If there were equal seats available, law school is three, medical school is four. Law schools can have lower student:teacher ratios than medical schools, and the facilities required for even student numbers between a law and medical school would mean that the medical school would have to be significantly bigger. I have no idea what the failure rate at law school is, although at medical schools it does appear to be in the 5-10% range (higher in the UK?), and this is amongst already exemplary students. It would be difficult for there to ever be more medical students without some serious financial maneuvering by the government to incentivize it.

It’s imprecise but not inaccurate, a trade is an industry, law and medicine are industries. I wouldn’t go so far as to call all doctors and lawyers very skilled laborers, although it wouldn’t really be wrong to call surgeons that.

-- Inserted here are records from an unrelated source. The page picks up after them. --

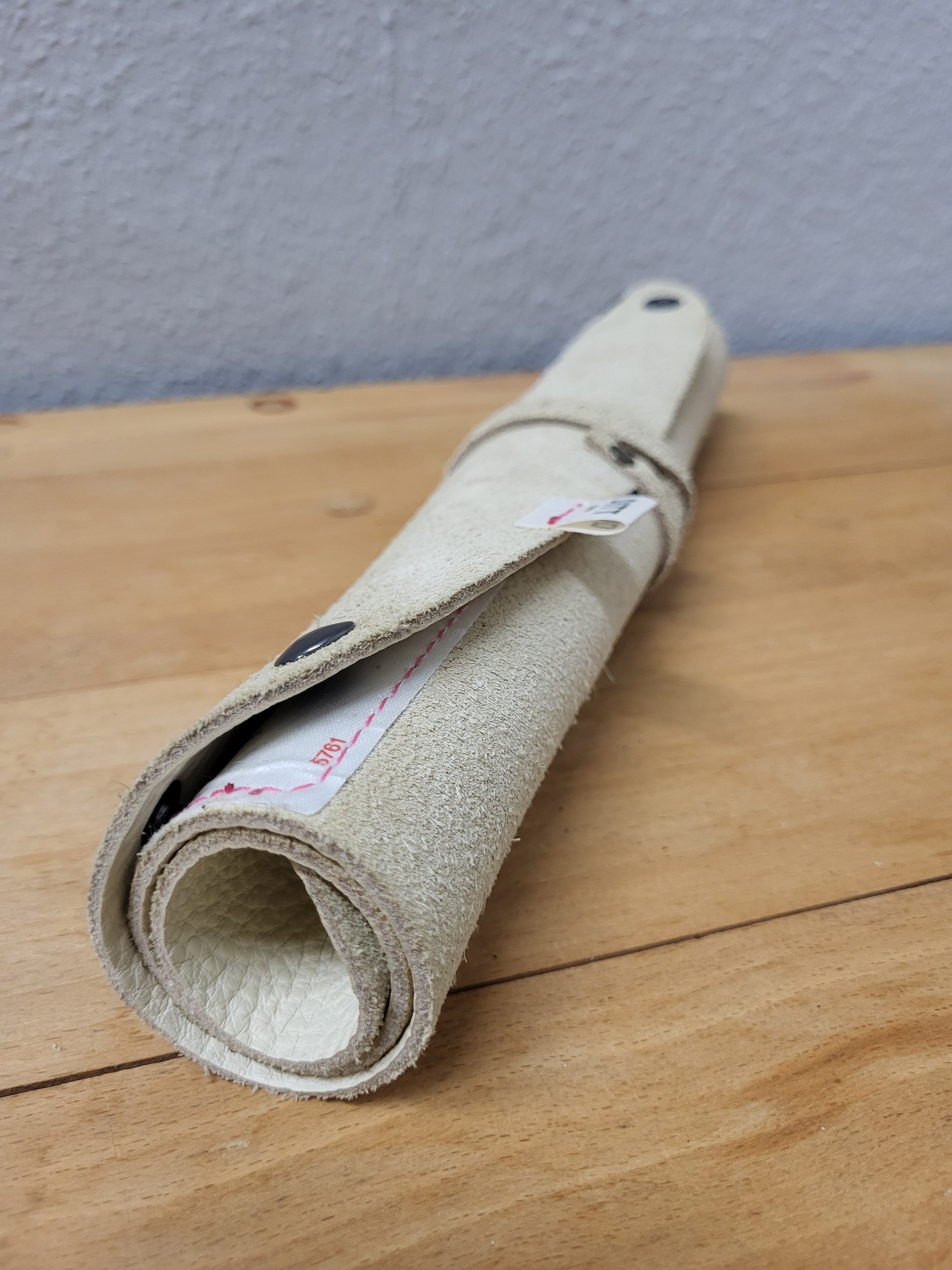 Het leer komt van meubelstalen uit interieurwinkels. Dit is op sommige dobbelmatten nog te zien aan het etiket op de achterkant, dat je precies vertelt wat voor stuk leer het is.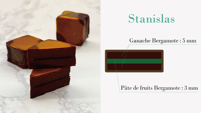 Remove the mold and apply a thin layer of dark chocolate over the ganache. Cut into pieces suitable for bonbons.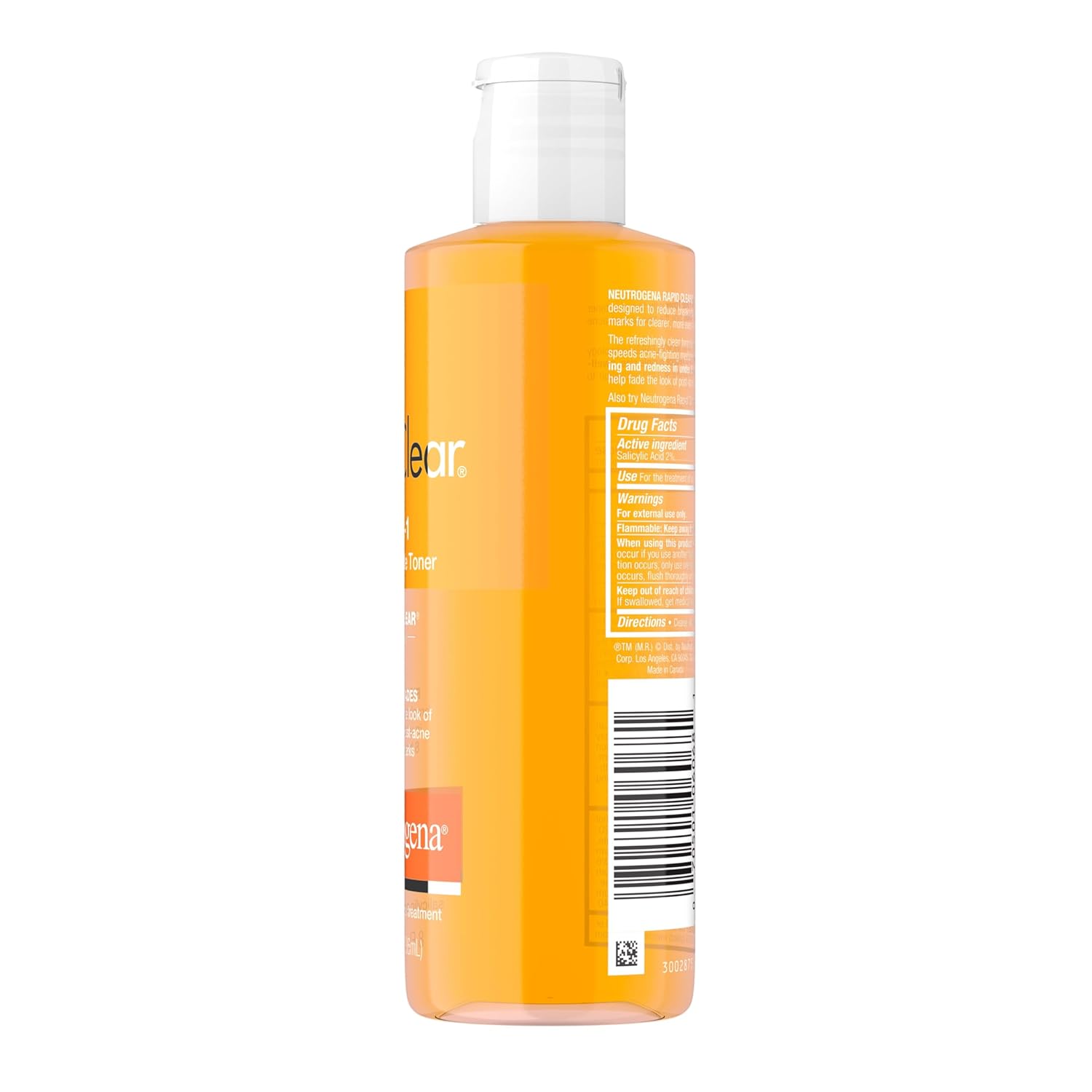 Neutrogena Rapid Clear 2-in-1 Fight & Fade Toner is the first acne toner designed to reduce breakouts in just hours and help fade the look of post-acne marks for clearer, more even-toned skin. This toner removes oil as Micro-Clear Technology speeds maximum strength salicylic acid acne medicine straight to the source of breakouts. It is formulated with glycolic acid and is designed to speed surface skin cell exfoliation. The refreshingly clean formula is clinically proven to reduce pimple size, swelling, and redness in under eight hours and accelerates surface cell exfoliation to help fade the look of post-acne marks.

Because law school is not lawyer school (God knows Columbia comes close, though), but medical school is doctor school. Unless kids at medical school are in PhD/MD programs the skills they learn are essentially only applicable to work as physicians. The skills learned in law school, namely handling massive amounts of data and crafting arguments that must be within stringent bounds, are skills applicable to a multitude of industries. JDs can also go the LLM route and teach, while medical school professors are normally also researchers or currently practicing physicians within said schools teaching hospital. It’s more likely that a graduate from law school will go into something other than the active practice of law than that a graduate from medical school will go into something other than medicine.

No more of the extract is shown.